We have designed our platform to provide higher sensitivity in detection of genetic abnormalities enabling us to provide more accurate and reliable results.
PGT is a genetic test used to analyze DNA from embryos produced through assisted reproductive techniques.
Embryo Biopsy
PGT starts with an embryo biopsy procedure in order to obtain sample cells for embryonic DNA analysis.
Samples are Sent to PacGenomics
Your clinic then sends the samples to PacGenomics’ certified clinical genetics laboratory where PGT is performed.
PGT is Performed
PacGenomics’ laboratory performs DNA sequencing and data analysis on the sample(s) received.
Report Generated
After testing data is analyzed, PacGenomics provides a PGT report to your care team.
Embryo selection and transfer
Embryos that are most likely to lead to successful implantation are chosen for transfer.
Preimplantation Genetic Testing for Aneuploidies
Preimplantation Genetic Testing for Aneuploidies (PGT-A), formerly known as Preimplantation Genetic Screening (PGS), is a genetic test used to evaluate embryos produced through IVF for extra or missing chromosomes. Using genetic information gathered through PGT-A, your care team can select embryos that are best suited for transfer and increase your chances of successful pregnancy.
What are the benefits of PGT-A?
- Higher pregnancy rates per transfer
- Reduced risk of miscarriage
- Reducing the number of IVF cycles needed to achieve pregnancy
- Fewer implantation failures
Should I use PGT-A?
PGT-A is recommended for many people undergoing IVF treatment. All women have a chance of producing genetically abnormal embryos and this chance increases significantly as a woman ages. You may also consider PGT-A if you have experienced any of the following:
- Repeated IVF treatment failure
- Recurrent pregnancy loss
- Previous child or pregnancy with a chromosomal abnormality
Preimplantation Genetic Testing for Chromosomal Structural Rearrangements
PGT-SR is performed to screen for embryos with detectable structural chromosomal abnormalities, including unbalanced translocations and inversions.
Testing is performed on embryos produced through IVF and only embryos with no detectable abnormalities are chosen for transfer. By screening for genetic abnormalities, you can increase your chances of achieving a successful pregnancy.
Preimplantation genetic testing to distinguish between normal and balanced carrier embryos in translocation cases
- PGT-SR-Plus® can differentiate balanced translocation carrier embryos from normal embryos.

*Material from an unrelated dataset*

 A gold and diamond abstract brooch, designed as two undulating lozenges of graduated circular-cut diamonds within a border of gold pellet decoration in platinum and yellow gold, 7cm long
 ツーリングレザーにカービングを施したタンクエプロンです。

- PGT-SR-Plus® does not require patient-specific probes to be built for testing.* Therefore, the turnaround time is not affected by the unique additional information offered with this platform.
- PGT-SR-Plus® is seamlessly tailored to PacGenomics’ PGT-SR screening protocol, which has a successful record of identifying translocation carriers among patients who are not initially suspected to be at significant risk.

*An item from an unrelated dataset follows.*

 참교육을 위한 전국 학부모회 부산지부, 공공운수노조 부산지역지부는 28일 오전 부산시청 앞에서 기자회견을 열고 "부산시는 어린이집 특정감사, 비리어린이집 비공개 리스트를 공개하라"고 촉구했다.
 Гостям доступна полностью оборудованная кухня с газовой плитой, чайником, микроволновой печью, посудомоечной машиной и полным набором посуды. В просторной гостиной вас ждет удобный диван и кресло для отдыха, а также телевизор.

* Further, for most translocation screening cases at PacGenomics, an affected individual as a reference sample is not needed. Rare situations may arise (depending on the number of available embryos for testing) that prevent our team from conducting PGT-SR-Plus® testing on PGT-SR screened embryos.

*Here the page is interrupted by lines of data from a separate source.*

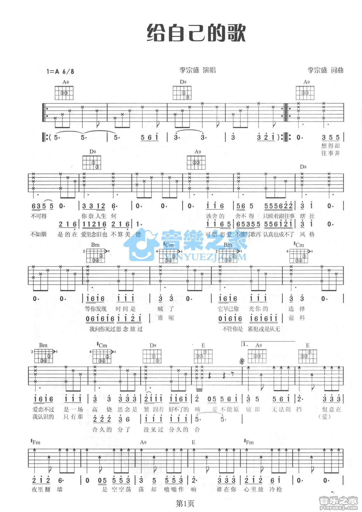 给自己的歌吉他谱,它是李宗盛演唱的歌曲,由音乐之家编配制谱,是一首经典歌曲编配的A调指弹编配的曲谱,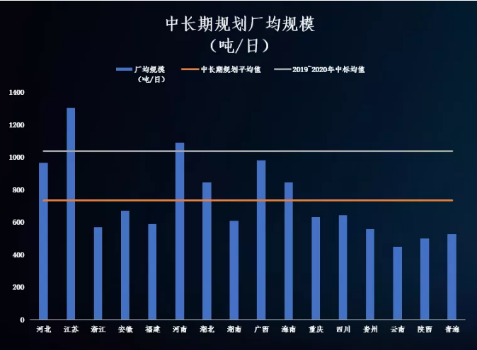 E20研究院通過對各省中長期規(guī)劃的分析發(fā)現(xiàn),中長期規(guī)劃中新增生活垃圾焚燒項目的廠均規(guī)模已將從2019~2020年的平均值1037噸/日下降至736噸/日,降幅達(dá)到30%。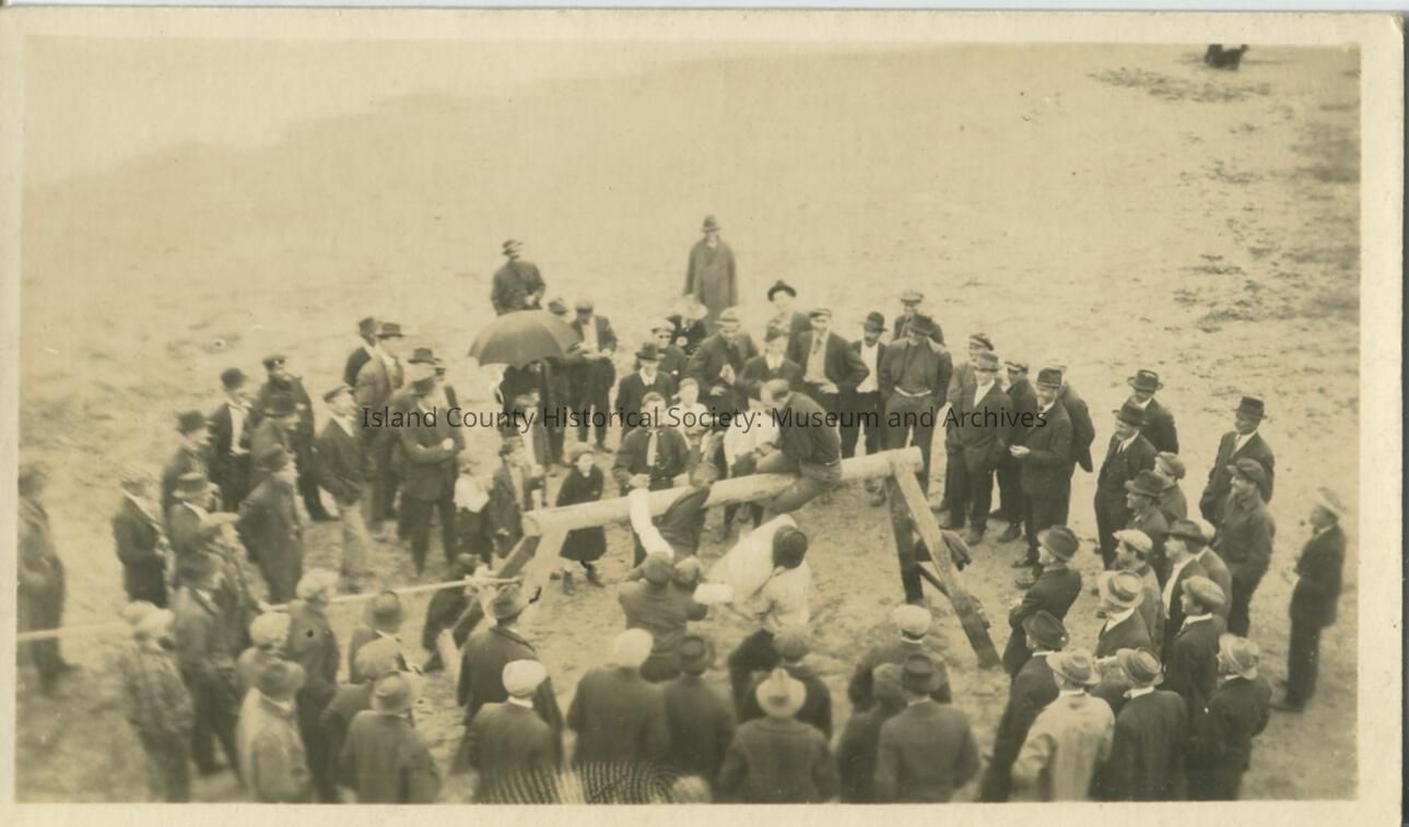 Black & white photo of a large group of men and children standing is a circle around a large saw horse. There is a man sitting on top of the saw horse and one who just fell off. It appears that this may be a lumberjack contest. No description or date. However, based on the postcard stamp, AZO with triangles in the corners, the photo was taken between 1904-1918.
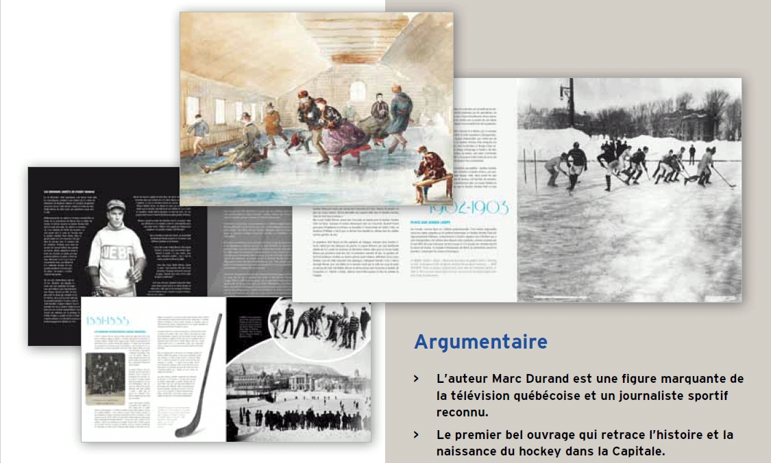 Je peux enfin vous l’annoncer : le livre qui prend le titre de « La Coupe à Québec: L’histoire des Bulldogs et la naissance du hockey » sera bientôt en impression et sera disponible dès le mois de novembre. Les coéditeurs, la Commission de la capitale nationale du Québec et les Éditions Sylvain Harvey m’ont montré les maquettes cette semaine et je suis emballé ! Plus de 160 pages couleurs, abondamment illustrées à l’aide de 150 photos, dont plusieurs directement d’archives personnelles de familles liées à l’histoire du club.  Je n’en dis pas plus pour l’instant 😉  La suite cette semaine !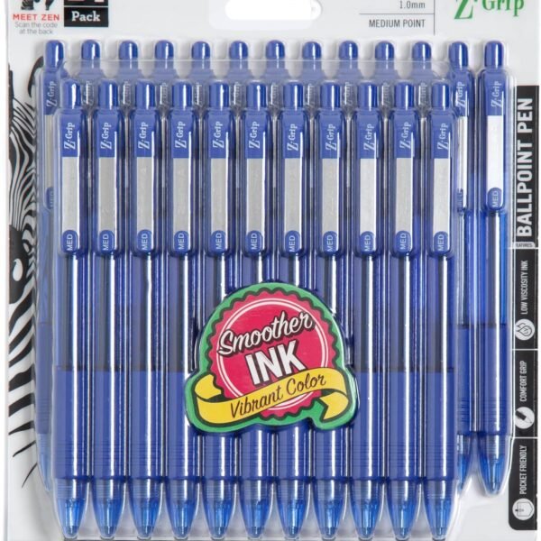Zebra Pen Z-Grip Retractable Ballpoint Pen, Smooth-Flowing Blue Ink, 1.0mm Medium Point, School & Office Supplies, Ideal for Note-Taking, Journal and Planner Use, 24-Pack (12225)

Preimplantation Genetic Testing for Monogenic or Single Gene Defects
PacGenomics PGT-M is coming soon.
PGT-M is a genetic test designed for those who know they are at an increased risk of passing down a genetic disorder. PGT-M, or preimplantation genetic testing for monogenic/single gene defects was previously known as PGD, preimplantation genetic diagnosis. PGT-M is performed prior to pregnancy on embryos created through assisted reproductive techniques (ART). Only embryos without detectable monogenic disorders are then selected for transfer, greatly reducing the risk of having an affected child.